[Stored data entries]
══════════
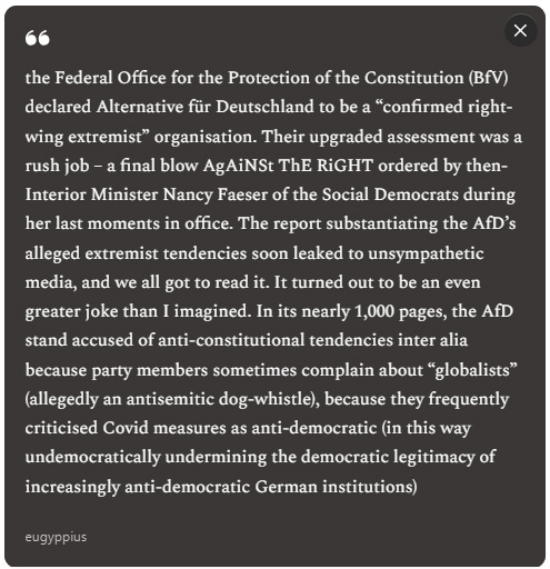 Germany has a very robust public sector; something like 12% of everyone works for the government. By going after AfD members who work for the state, left-leaning Minister Presidents and cabinet ministers hope to intimidate broad portions of the population away from supporting their political opponents. It is that blunt and stupid, what they are doing here.
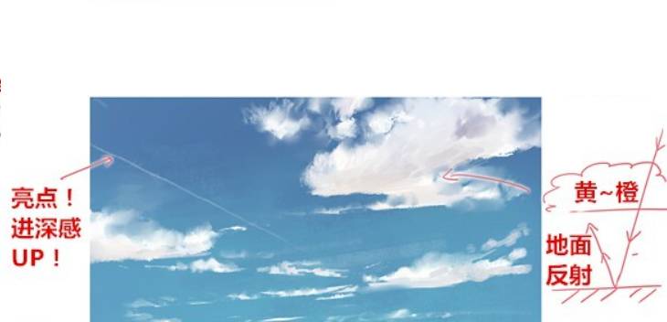 ④在近端云的下部分稍微打上一些橙色,给天空背景打一些笔触,表现出高层云与大气之间的相互混杂。飞机尾气可以作为一个亮点。
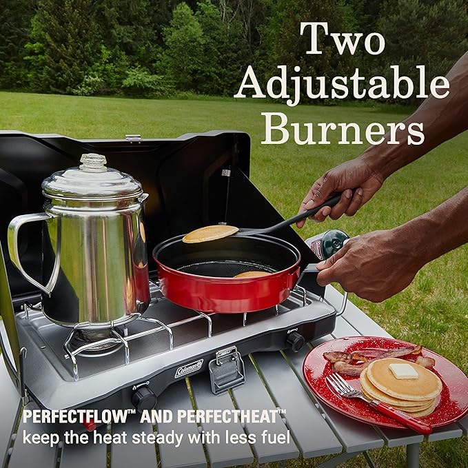 Coleman Triton+ 2-Burner Propane Camping Stove, Push-Button Instant Ignition, Portable Camp Grill, Adjustable Burners, Wind Guards, 22,000 Total BTUs of Power, Beach Cookouts, Backyard BBQ, Tailgating
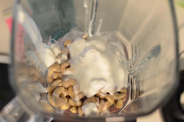 1 1/2 Taza Castañas de Caju naturales1 Taza Crema de coco (Solo usar la parte solida que viene en la lata)
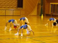 本校児童は柔軟性に課題があることから、体育の準備運動ではストレッチなどの柔軟性を高める運動を取り入れています。
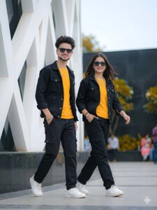 Create a realistic 4k resolution, photo of Vivek 20 years old, exact same face features, walking confidently with a stylish girl in the same location as the reference image, near the bold white geometric wall structure. Same dark background with soft greenery and clear sky, no sunlight. Both walking with attitude, synchronized steps, natural movement in hair and clothing. Outfits: yellow t-shirts, black denim jackets, black cargo pants, and white shoes. clean sunglasses, modern accessories, ultra-sharp clarity, cinematic lighting, premium high-end fashion street-style photoshoot look
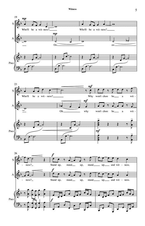 This Title Comes In Quantities Of Five (5) Copies(1 Order=5 Copies) Witness SSA Loosely based on a well-known spiritual, Witness is designed to call awareness to recent episodes of genocide, particularly as they have impacted the...Regular price $27.99 -
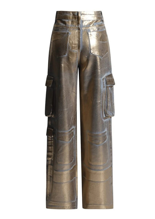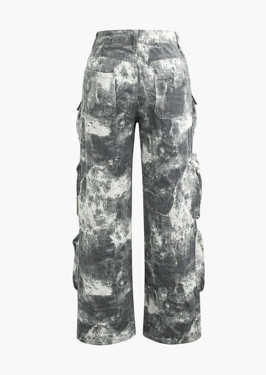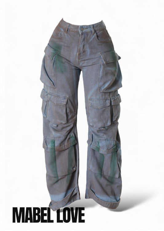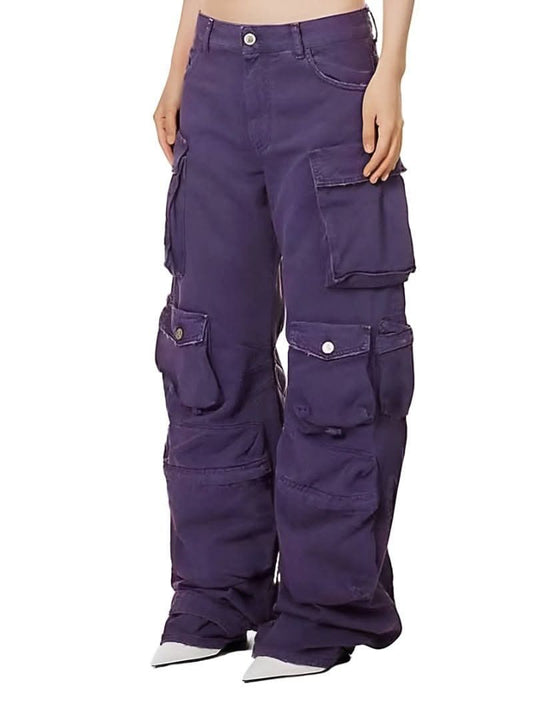 Vintage-Inspired Purple Acid Wash Cargo Denim
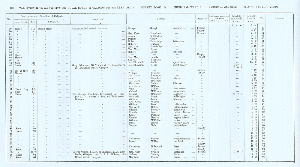 Glasgow Valuation Roll VR 1913-14, Ward 03, p108
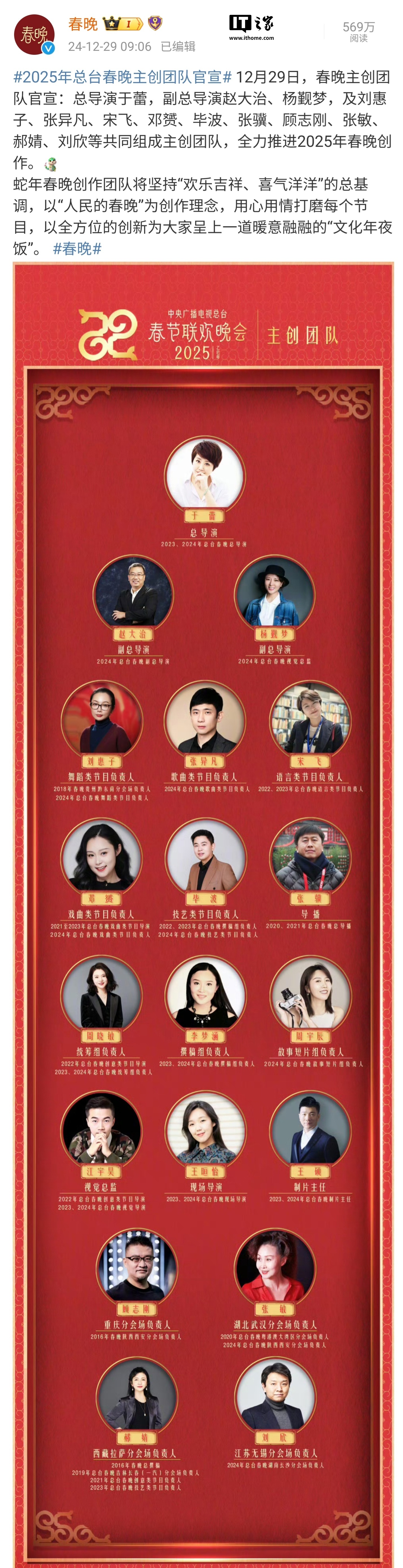 据此前报道,春晚于去年 11 月 29 日已发布主题和主标识。乙巳(sì)蛇年春晚将在欢乐吉祥、喜气洋洋的总基调中,以“巳巳如意,生生不息”为主题,与全球华人相约除夕、欢度农历新年。
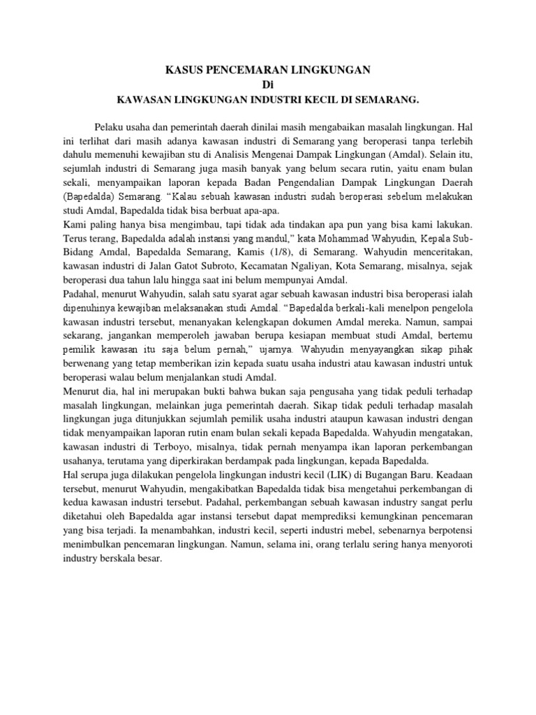 Pengertian macam dan contoh pencemaran lingkungan beserta cara penanggulangannya lengkap pencemaran lingkungan tidak baik bagi kehidupan manusia tidak terkecuali hewan dan tumbuhan karna jika lingkungan sudah tercemar akan menggangu habitat makhluk hidup akan berdampak pada populasi makhluk hidup itu sendiri. 31 penyelesaian kasus pencemaran dan kerusakan lingkungan hidup oleh dinas lingkungan hidup di kota semarang data dinas lingkungan hidup dlh kota semarang tahun 2017 sampai dengan bulan september jumlah kasus lingkungan hidup yang telah dilaporkan sebanyak 40.
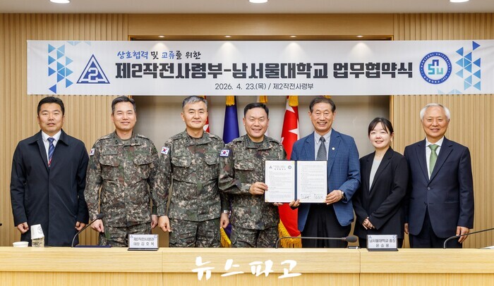 남서울대는 30일 제2작전사령부와 국방 AI 협력체계 구축을 위한 업무협약을 맺었다. 단순한 상호 교류를 넘어 군과 대학이 머리를 맞대고 교육과 연구, 기술 실증을 함께 수행하는 실효성 있는 모델을 만드는 것이 이번 협약의 핵심이다.
══════════
- **TASK DETAILS**: Copy the lines above exactly, starting with the line that contains "Coleman Triton+ 2-Burner" and ending with the line that contains "Create a realistic", and leave out any pictures.

- **RESPONSE TO THIS EXERCISE**:
 Coleman Triton+ 2-Burner Propane Camping Stove, Push-Button Instant Ignition, Portable Camp Grill, Adjustable Burners, Wind Guards, 22,000 Total BTUs of Power, Beach Cookouts, Backyard BBQ, Tailgating
 1 1/2 Taza Castañas de Caju naturales1 Taza Crema de coco (Solo usar la parte solida que viene en la lata)
 本校児童は柔軟性に課題があることから、体育の準備運動ではストレッチなどの柔軟性を高める運動を取り入れています。
 Create a realistic 4k resolution, photo of Vivek 20 years old, exact same face features, walking confidently with a stylish girl in the same location as the reference image, near the bold white geometric wall structure. Same dark background with soft greenery and clear sky, no sunlight. Both walking with attitude, synchronized steps, natural movement in hair and clothing. Outfits: yellow t-shirts, black denim jackets, black cargo pants, and white shoes. clean sunglasses, modern accessories, ultra-sharp clarity, cinematic lighting, premium high-end fashion street-style photoshoot look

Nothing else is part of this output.